The responses of the characters to the heads are also significant. Logan notes that she would be fired if she let them perform this macabre scene for children, but Jaxton takes this personally and calls her “a bitch.” His misogynistic reaction suggests that his white male fragility has been threatened by Logan exerting her authority over him. Playing a Pilgrim warrior who is returning from the slaughter of Indigenous people has seemingly struck a chord in terms of his masculinity, and he resents that Logan can take it away. Meanwhile, the cavalier way in which the characters treat the props suggests their indifference to actual Indigenous people. To Jaxton, Caden, and Alicia, the heads are objects to kick around. To Logan, the game is objectionable principally because it reminds her of Alicia’s strange family turkey bowling game; the bloody soccer game makes her gag as a vegan at the thought of raw turkey flesh, but this concern for animal welfare seems misplaced juxtaposed against the genocide of Indigenous Americans. Pointedly, this scene arose from the challenge of trying to tell some version of the Thanksgiving story with historical accuracy and without Indigenous actors. For the audience of Fasthorse’s play, the irreverence of kicking around the heads is a reminder that white colonizers did much worse to real human beings.

Empty Space

Logan discovers the empty space in the middle of the room after ordering the others to stop their scuffle over Caden’s insistence on reading his lines. She calls it a “perfectly equitable emptiness,” asserting, “We’ve been trying too hard. The empty space is completely, finally equal. That is our Thanksgiving play” (61). In one sense, nothingness is better than anything they are capable of doing. Logan acknowledges that as four white people, they cannot make a culturally sensitive play about Thanksgiving, and they therefore shouldn’t try. They shouldn’t be taking the lead or commanding spaces where artistic work is happening. They should be silencing themselves and making space for Indigenous voices, but that isn’t the same as replacing Indigenous voices with nothingness. An empty space is only equitable because it is empty. It does no harm, but it also does no good.

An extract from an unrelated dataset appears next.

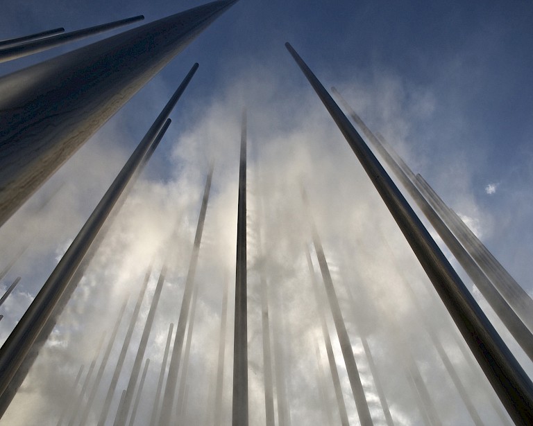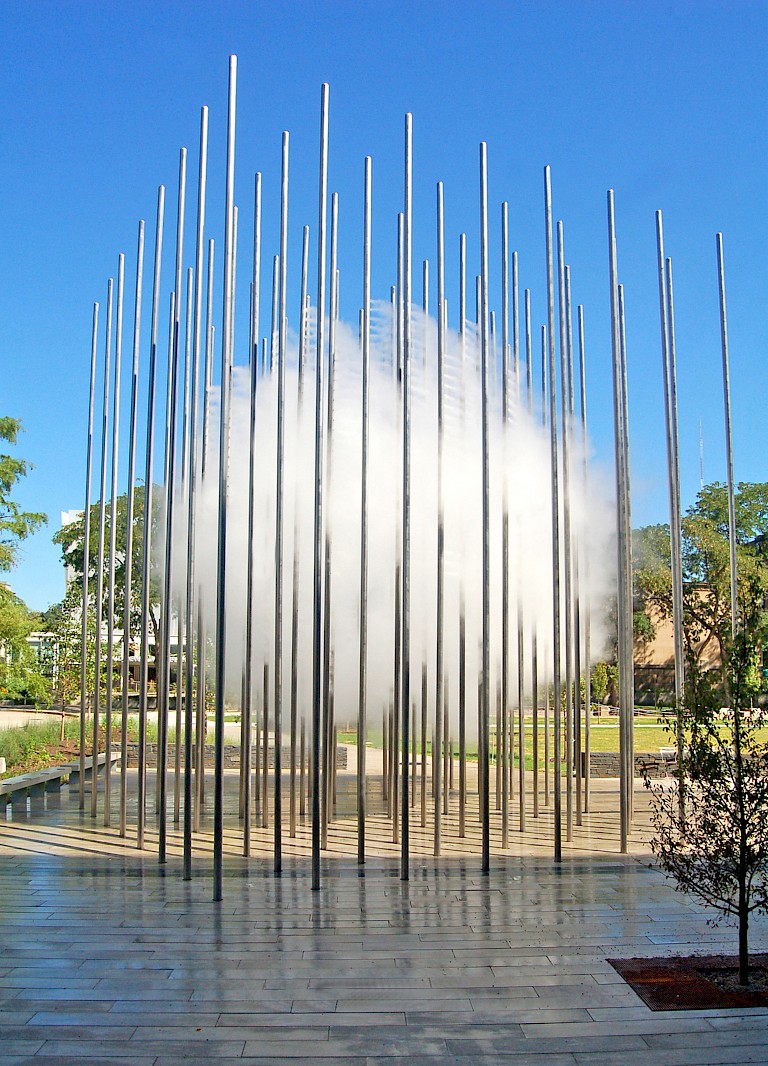 The sculpture is a beacon for how public art and design can work hand-in-hand to create great public space. According to Andrea Cochran, the poles are spaced at four-foot intervals to encourage visitors to move through the sculpture and to create a sense of permeability with the rest of the park. In addition, the sculpture is sited along one of the park’s major, cross-axial pathways, aligning it with the entrances to both the Children’s Museum and the office building on the south side of the site. A pedestal system allows water to drain through the pavers without ponding and creates a void below grade to house the electrical conduit and water lines that run to the sculpture. The artist and designer worked with lighting designers to create a custom in-grade light support within this subsurface zone, integrating the fixture layout into the grid of poles and pavers, creating a public space that is not only enjoyable throughout the year, but also at different times of day. To provide for the long-term sustainability of the renovated park and its artwork, the Children’s Museum and the City of Pittsburgh share the responsibilities of maintaining, repairing, and protecting the park. The Children’s Museum has also created an endowment to help pay for the upkeep of Cloud Arbor. Due to its use of water as a scientific and artistic wonder, ongoing maintenance of the nozzles and the fountain is critical to the long-term success of the installation. This endowment and the park redesign are considered gifts to the city by the museum.

The satire intensifies as Jaxton begins to pontificate on the profundity of the emptiness. Rather than a decision not to create a play that they shouldn’t create, Jaxton speaks about the space as an incredible approach to activism. When Alicia asks if she’ll still get paid for rehearsals, Logan confirms that she will. This suggests that Logan fully intends to keep the grants, which will require some delicate footwork to justify using nothingness as a performance. However, the grant boards that awarded money to a white woman for the creation of a Thanksgiving play will most likely be willing to accept said fancy footwork because the goal of all involved seems to be to further their personal agendas while patting themselves on the back. Not only do they credit themselves for doing something positive, but they set themselves up to feel good about doing nothing in the future. In the final moments of the play, the significant action that takes place is the coupling and recoupling of four actors. Their personal goals have been at the forefront throughout the play, and therefore they are the focus in the end. It’s not a play about four people creating activist theater; it’s a play about four people going on personal journeys while they are trying to create a piece of theater.